__What is being asked__. These entries are to be set down again exactly.

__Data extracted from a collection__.

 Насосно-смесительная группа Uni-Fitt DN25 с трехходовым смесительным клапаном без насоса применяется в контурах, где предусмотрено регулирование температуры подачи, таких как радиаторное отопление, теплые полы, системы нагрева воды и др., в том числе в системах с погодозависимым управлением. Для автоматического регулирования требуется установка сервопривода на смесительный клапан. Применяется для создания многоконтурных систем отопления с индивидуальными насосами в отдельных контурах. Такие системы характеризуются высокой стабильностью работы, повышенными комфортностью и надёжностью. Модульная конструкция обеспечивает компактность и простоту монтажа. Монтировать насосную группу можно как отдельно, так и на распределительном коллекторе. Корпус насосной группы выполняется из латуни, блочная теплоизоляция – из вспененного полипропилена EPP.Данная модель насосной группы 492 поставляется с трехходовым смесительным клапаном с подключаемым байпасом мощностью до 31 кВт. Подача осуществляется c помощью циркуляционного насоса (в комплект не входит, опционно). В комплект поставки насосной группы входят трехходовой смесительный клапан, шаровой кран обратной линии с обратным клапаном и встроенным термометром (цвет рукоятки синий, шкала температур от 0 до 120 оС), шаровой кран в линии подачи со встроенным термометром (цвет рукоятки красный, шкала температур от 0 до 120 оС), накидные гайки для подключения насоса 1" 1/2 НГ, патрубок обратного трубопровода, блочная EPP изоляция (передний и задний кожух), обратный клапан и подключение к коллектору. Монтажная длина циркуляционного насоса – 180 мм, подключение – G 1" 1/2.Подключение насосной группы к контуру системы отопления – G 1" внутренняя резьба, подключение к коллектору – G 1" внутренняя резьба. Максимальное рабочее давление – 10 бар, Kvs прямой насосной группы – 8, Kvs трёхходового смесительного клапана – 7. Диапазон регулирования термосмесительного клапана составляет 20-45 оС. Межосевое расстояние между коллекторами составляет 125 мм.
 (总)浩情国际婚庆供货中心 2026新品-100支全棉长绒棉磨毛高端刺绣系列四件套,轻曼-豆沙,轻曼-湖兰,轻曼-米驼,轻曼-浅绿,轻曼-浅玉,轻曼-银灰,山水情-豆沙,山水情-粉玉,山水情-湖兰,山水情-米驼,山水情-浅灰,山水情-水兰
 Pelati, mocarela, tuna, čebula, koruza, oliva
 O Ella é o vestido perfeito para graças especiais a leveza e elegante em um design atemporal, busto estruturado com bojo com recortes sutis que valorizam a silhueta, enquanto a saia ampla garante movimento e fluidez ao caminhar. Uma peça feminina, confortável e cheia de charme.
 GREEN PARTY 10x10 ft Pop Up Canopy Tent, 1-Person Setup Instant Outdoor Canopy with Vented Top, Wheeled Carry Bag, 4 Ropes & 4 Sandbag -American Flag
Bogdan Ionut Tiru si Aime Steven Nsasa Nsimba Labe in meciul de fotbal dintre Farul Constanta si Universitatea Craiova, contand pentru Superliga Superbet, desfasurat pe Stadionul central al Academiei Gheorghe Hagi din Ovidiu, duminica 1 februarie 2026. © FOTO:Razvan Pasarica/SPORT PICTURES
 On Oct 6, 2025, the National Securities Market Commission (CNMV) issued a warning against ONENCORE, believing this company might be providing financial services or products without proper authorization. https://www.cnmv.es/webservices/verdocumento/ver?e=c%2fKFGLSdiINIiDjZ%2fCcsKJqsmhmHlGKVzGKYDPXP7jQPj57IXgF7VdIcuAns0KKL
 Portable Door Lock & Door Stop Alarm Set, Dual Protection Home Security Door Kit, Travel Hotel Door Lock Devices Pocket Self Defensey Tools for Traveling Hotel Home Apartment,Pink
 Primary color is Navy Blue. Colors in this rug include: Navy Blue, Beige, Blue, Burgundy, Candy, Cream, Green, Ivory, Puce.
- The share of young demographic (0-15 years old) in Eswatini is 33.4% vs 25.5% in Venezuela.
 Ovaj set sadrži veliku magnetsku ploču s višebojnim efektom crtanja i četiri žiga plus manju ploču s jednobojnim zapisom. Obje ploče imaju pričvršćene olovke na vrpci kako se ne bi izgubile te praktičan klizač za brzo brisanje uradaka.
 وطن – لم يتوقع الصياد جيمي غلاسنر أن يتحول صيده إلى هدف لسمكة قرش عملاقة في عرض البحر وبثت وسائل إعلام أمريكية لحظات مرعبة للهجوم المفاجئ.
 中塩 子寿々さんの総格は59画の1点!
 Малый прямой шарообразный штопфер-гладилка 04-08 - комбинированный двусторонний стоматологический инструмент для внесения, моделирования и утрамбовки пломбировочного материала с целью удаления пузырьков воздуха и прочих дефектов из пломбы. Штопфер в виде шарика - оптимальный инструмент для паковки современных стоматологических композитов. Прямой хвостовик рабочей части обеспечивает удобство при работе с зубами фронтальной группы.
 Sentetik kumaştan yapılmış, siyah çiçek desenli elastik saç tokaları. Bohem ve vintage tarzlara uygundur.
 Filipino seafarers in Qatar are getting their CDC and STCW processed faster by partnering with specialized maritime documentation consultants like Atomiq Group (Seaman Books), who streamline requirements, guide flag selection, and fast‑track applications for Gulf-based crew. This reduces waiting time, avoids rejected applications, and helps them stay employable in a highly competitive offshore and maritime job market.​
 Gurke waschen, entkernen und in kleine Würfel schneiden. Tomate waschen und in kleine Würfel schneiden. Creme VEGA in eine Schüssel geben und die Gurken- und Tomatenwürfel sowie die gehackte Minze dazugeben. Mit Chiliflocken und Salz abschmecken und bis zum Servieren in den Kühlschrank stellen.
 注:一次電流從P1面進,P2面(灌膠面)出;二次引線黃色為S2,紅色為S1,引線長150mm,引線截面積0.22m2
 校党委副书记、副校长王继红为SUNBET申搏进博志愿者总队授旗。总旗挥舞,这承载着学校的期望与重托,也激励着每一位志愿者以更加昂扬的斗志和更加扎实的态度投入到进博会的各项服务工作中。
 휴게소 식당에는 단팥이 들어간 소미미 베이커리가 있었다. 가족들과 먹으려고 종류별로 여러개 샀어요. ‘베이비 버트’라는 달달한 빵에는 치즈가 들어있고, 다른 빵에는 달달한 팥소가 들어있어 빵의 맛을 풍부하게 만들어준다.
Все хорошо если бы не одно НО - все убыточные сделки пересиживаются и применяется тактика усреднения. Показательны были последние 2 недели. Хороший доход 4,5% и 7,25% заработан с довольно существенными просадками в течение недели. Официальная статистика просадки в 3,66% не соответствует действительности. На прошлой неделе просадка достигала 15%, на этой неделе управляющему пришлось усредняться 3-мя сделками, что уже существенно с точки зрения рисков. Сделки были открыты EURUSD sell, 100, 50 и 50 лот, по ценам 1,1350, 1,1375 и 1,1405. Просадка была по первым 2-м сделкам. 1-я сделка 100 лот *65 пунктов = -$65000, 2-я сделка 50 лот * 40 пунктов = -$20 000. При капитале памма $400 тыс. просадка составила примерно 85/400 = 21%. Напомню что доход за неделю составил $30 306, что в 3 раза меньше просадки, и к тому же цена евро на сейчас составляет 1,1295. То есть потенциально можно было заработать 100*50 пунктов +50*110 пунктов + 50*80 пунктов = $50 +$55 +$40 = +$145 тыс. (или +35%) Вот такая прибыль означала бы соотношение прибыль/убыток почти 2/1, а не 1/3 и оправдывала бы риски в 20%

__Response area__.
 Насосно-смесительная группа Uni-Fitt DN25 с трехходовым смесительным клапаном без насоса применяется в контурах, где предусмотрено регулирование температуры подачи, таких как радиаторное отопление, теплые полы, системы нагрева воды и др., в том числе в системах с погодозависимым управлением. Для автоматического регулирования требуется установка сервопривода на смесительный клапан. Применяется для создания многоконтурных систем отопления с индивидуальными насосами в отдельных контурах. Такие системы характеризуются высокой стабильностью работы, повышенными комфортностью и надёжностью. Модульная конструкция обеспечивает компактность и простоту монтажа. Монтировать насосную группу можно как отдельно, так и на распределительном коллекторе. Корпус насосной группы выполняется из латуни, блочная теплоизоляция – из вспененного полипропилена EPP.Данная модель насосной группы 492 поставляется с трехходовым смесительным клапаном с подключаемым байпасом мощностью до 31 кВт. Подача осуществляется c помощью циркуляционного насоса (в комплект не входит, опционно). В комплект поставки насосной группы входят трехходовой смесительный клапан, шаровой кран обратной линии с обратным клапаном и встроенным термометром (цвет рукоятки синий, шкала температур от 0 до 120 оС), шаровой кран в линии подачи со встроенным термометром (цвет рукоятки красный, шкала температур от 0 до 120 оС), накидные гайки для подключения насоса 1" 1/2 НГ, патрубок обратного трубопровода, блочная EPP изоляция (передний и задний кожух), обратный клапан и подключение к коллектору. Монтажная длина циркуляционного насоса – 180 мм, подключение – G 1" 1/2.Подключение насосной группы к контуру системы отопления – G 1" внутренняя резьба, подключение к коллектору – G 1" внутренняя резьба. Максимальное рабочее давление – 10 бар, Kvs прямой насосной группы – 8, Kvs трёхходового смесительного клапана – 7. Диапазон регулирования термосмесительного клапана составляет 20-45 оС. Межосевое расстояние между коллекторами составляет 125 мм.
 (总)浩情国际婚庆供货中心 2026新品-100支全棉长绒棉磨毛高端刺绣系列四件套,轻曼-豆沙,轻曼-湖兰,轻曼-米驼,轻曼-浅绿,轻曼-浅玉,轻曼-银灰,山水情-豆沙,山水情-粉玉,山水情-湖兰,山水情-米驼,山水情-浅灰,山水情-水兰
 Pelati, mocarela, tuna, čebula, koruza, oliva
 O Ella é o vestido perfeito para graças especiais a leveza e elegante em um design atemporal, busto estruturado com bojo com recortes sutis que valorizam a silhueta, enquanto a saia ampla garante movimento e fluidez ao caminhar. Uma peça feminina, confortável e cheia de charme.
 GREEN PARTY 10x10 ft Pop Up Canopy Tent, 1-Person Setup Instant Outdoor Canopy with Vented Top, Wheeled Carry Bag, 4 Ropes & 4 Sandbag -American Flag
Bogdan Ionut Tiru si Aime Steven Nsasa Nsimba Labe in meciul de fotbal dintre Farul Constanta si Universitatea Craiova, contand pentru Superliga Superbet, desfasurat pe Stadionul central al Academiei Gheorghe Hagi din Ovidiu, duminica 1 februarie 2026. © FOTO:Razvan Pasarica/SPORT PICTURES
 On Oct 6, 2025, the National Securities Market Commission (CNMV) issued a warning against ONENCORE, believing this company might be providing financial services or products without proper authorization. https://www.cnmv.es/webservices/verdocumento/ver?e=c%2fKFGLSdiINIiDjZ%2fCcsKJqsmhmHlGKVzGKYDPXP7jQPj57IXgF7VdIcuAns0KKL
 Portable Door Lock & Door Stop Alarm Set, Dual Protection Home Security Door Kit, Travel Hotel Door Lock Devices Pocket Self Defensey Tools for Traveling Hotel Home Apartment,Pink
 Primary color is Navy Blue. Colors in this rug include: Navy Blue, Beige, Blue, Burgundy, Candy, Cream, Green, Ivory, Puce.
- The share of young demographic (0-15 years old) in Eswatini is 33.4% vs 25.5% in Venezuela.
 Ovaj set sadrži veliku magnetsku ploču s višebojnim efektom crtanja i četiri žiga plus manju ploču s jednobojnim zapisom. Obje ploče imaju pričvršćene olovke na vrpci kako se ne bi izgubile te praktičan klizač za brzo brisanje uradaka.
 وطن – لم يتوقع الصياد جيمي غلاسنر أن يتحول صيده إلى هدف لسمكة قرش عملاقة في عرض البحر وبثت وسائل إعلام أمريكية لحظات مرعبة للهجوم المفاجئ.
 中塩 子寿々さんの総格は59画の1点!
 Малый прямой шарообразный штопфер-гладилка 04-08 - комбинированный двусторонний стоматологический инструмент для внесения, моделирования и утрамбовки пломбировочного материала с целью удаления пузырьков воздуха и прочих дефектов из пломбы. Штопфер в виде шарика - оптимальный инструмент для паковки современных стоматологических композитов. Прямой хвостовик рабочей части обеспечивает удобство при работе с зубами фронтальной группы.
 Sentetik kumaştan yapılmış, siyah çiçek desenli elastik saç tokaları. Bohem ve vintage tarzlara uygundur.
 Filipino seafarers in Qatar are getting their CDC and STCW processed faster by partnering with specialized maritime documentation consultants like Atomiq Group (Seaman Books), who streamline requirements, guide flag selection, and fast‑track applications for Gulf-based crew. This reduces waiting time, avoids rejected applications, and helps them stay employable in a highly competitive offshore and maritime job market.​
 Gurke waschen, entkernen und in kleine Würfel schneiden. Tomate waschen und in kleine Würfel schneiden. Creme VEGA in eine Schüssel geben und die Gurken- und Tomatenwürfel sowie die gehackte Minze dazugeben. Mit Chiliflocken und Salz abschmecken und bis zum Servieren in den Kühlschrank stellen.
 注:一次電流從P1面進,P2面(灌膠面)出;二次引線黃色為S2,紅色為S1,引線長150mm,引線截面積0.22m2
 校党委副书记、副校长王继红为SUNBET申搏进博志愿者总队授旗。总旗挥舞,这承载着学校的期望与重托,也激励着每一位志愿者以更加昂扬的斗志和更加扎实的态度投入到进博会的各项服务工作中。
 휴게소 식당에는 단팥이 들어간 소미미 베이커리가 있었다. 가족들과 먹으려고 종류별로 여러개 샀어요. ‘베이비 버트’라는 달달한 빵에는 치즈가 들어있고, 다른 빵에는 달달한 팥소가 들어있어 빵의 맛을 풍부하게 만들어준다.
Все хорошо если бы не одно НО - все убыточные сделки пересиживаются и применяется тактика усреднения. Показательны были последние 2 недели. Хороший доход 4,5% и 7,25% заработан с довольно существенными просадками в течение недели. Официальная статистика просадки в 3,66% не соответствует действительности. На прошлой неделе просадка достигала 15%, на этой неделе управляющему пришлось усредняться 3-мя сделками, что уже существенно с точки зрения рисков. Сделки были открыты EURUSD sell, 100, 50 и 50 лот, по ценам 1,1350, 1,1375 и 1,1405. Просадка была по первым 2-м сделкам. 1-я сделка 100 лот *65 пунктов = -$65000, 2-я сделка 50 лот * 40 пунктов = -$20 000. При капитале памма $400 тыс. просадка составила примерно 85/400 = 21%. Напомню что доход за неделю составил $30 306, что в 3 раза меньше просадки, и к тому же цена евро на сейчас составляет 1,1295. То есть потенциально можно было заработать 100*50 пунктов +50*110 пунктов + 50*80 пунктов = $50 +$55 +$40 = +$145 тыс. (или +35%) Вот такая прибыль означала бы соотношение прибыль/убыток почти 2/1, а не 1/3 и оправдывала бы риски в 20%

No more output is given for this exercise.